4. He directed them, whatever city they came to, to make that house their head-quarters, which happened to be their first quarters (Mark 6:10); “There abide, till ye depart from that place. And since ye know ye come on an errand sufficient to make you welcome, have such charity for your friends that first invited you, as to believe they do not think you burthensome.”

5. He pronounces a very heavy doom upon those that rejected the gospel they preached (Mark 6:11); “Whosoever shall not receive you, or will not so much as hear you, depart thence (if one will not, another will), and shake off the dust under your feet, for a testimony against them. Let them know that they have had a fair offer of life and happiness made them, witness that dust; but that, since they have refused it, they cannot expect ever to have another; let them take up with their own dust, for so shall their doom be.” That dust, like the dust of Egypt (Exod. 9:9), shall turn into a plague to them; and their condemnation in the great day, will be more intolerable than that of Sodom: for the angels were sent to Sodom, and were abused there; yet that would not bring on so great a guilt and so great a ruin as the contempt and abuse of the apostles of Christ, who bring with them the offers of gospel grace.
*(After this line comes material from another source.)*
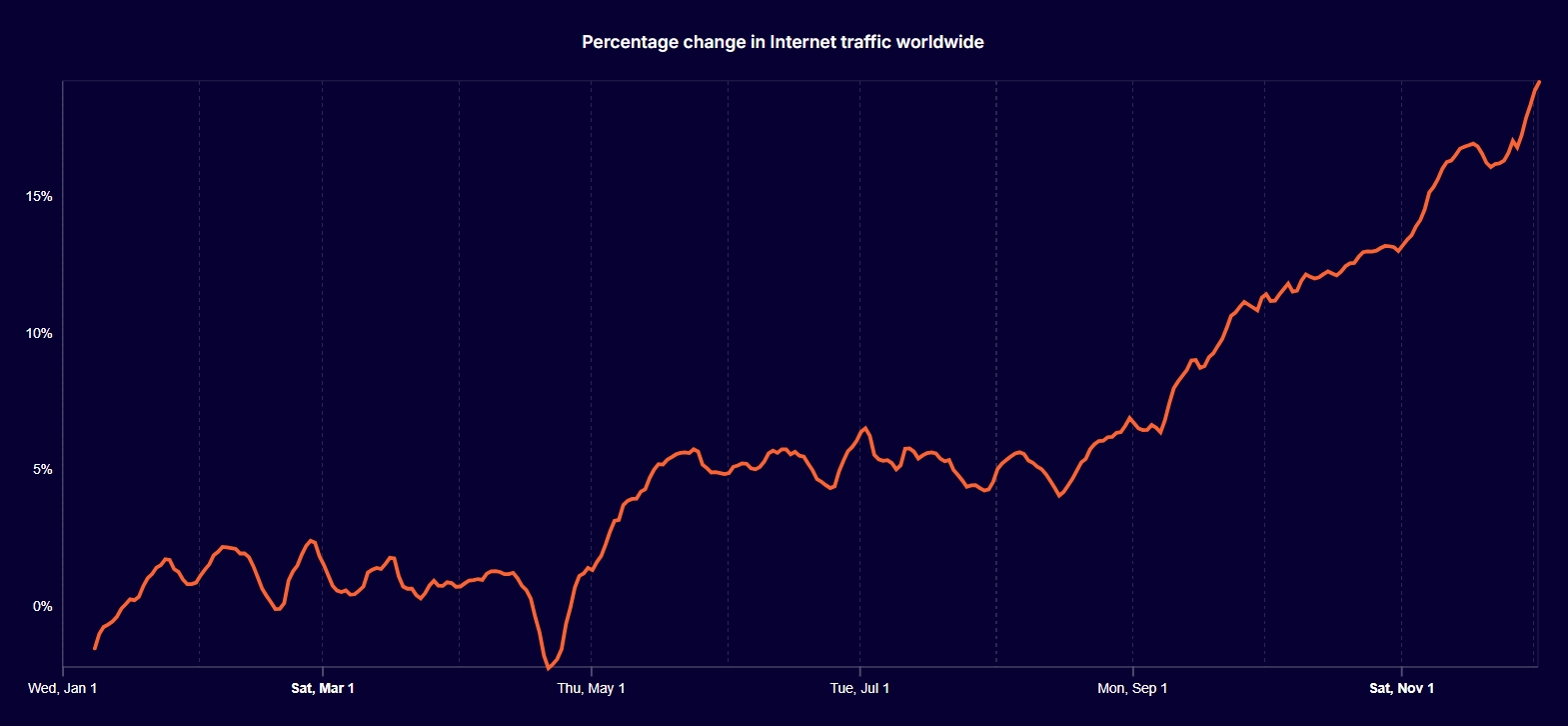Az internetforgalom idei alakulása az egy évvel korábbi szinthez képest (forrás: Cloudflare)

II. The apostles’ conduct in pursuance of their commission. Though they were conscious to themselves of great weakness, and expected no secular advantage by it, yet, in obedience to their Master’s order, and in dependence upon his strength, they went out as Abraham, not knowing whither they went. Observe here,

1. The doctrine they preached; They preached that men should repent (Mark 6:12); that they should change their minds, and reform their lives, in consideration of the near approach of the kingdom of the Messiah. Note, The great design of the gospel preachers, and the great tendency of gospel preaching, should be, to bring people to repentance, to a new heart and a new way. They did not amuse people with curious speculations, but told them that they must repent of their sins, and turn to God.

2. The miracles they wrought. The power Christ gave them over unclean spirits, was not ineffectual, nor did they receive it in vain, but used it, for they cast out many devils (Mark 6:13); and they anointed with oil many that were sick, and healed them. Some think this oil was used medicinally, according to the custom of the Jews; but I rather think it was used as a sign of miraculous healing, by the appointment of Christ, though not mentioned; and it was afterward used by those elders of the church, to whom by the Spirit was given the gift of healing, Jas. 5:14. It is certain here, and therefore probable there, that anointing the sick with oil, is appropriated to that extraordinary power which has long ceased, and therefore that sign must cease with it.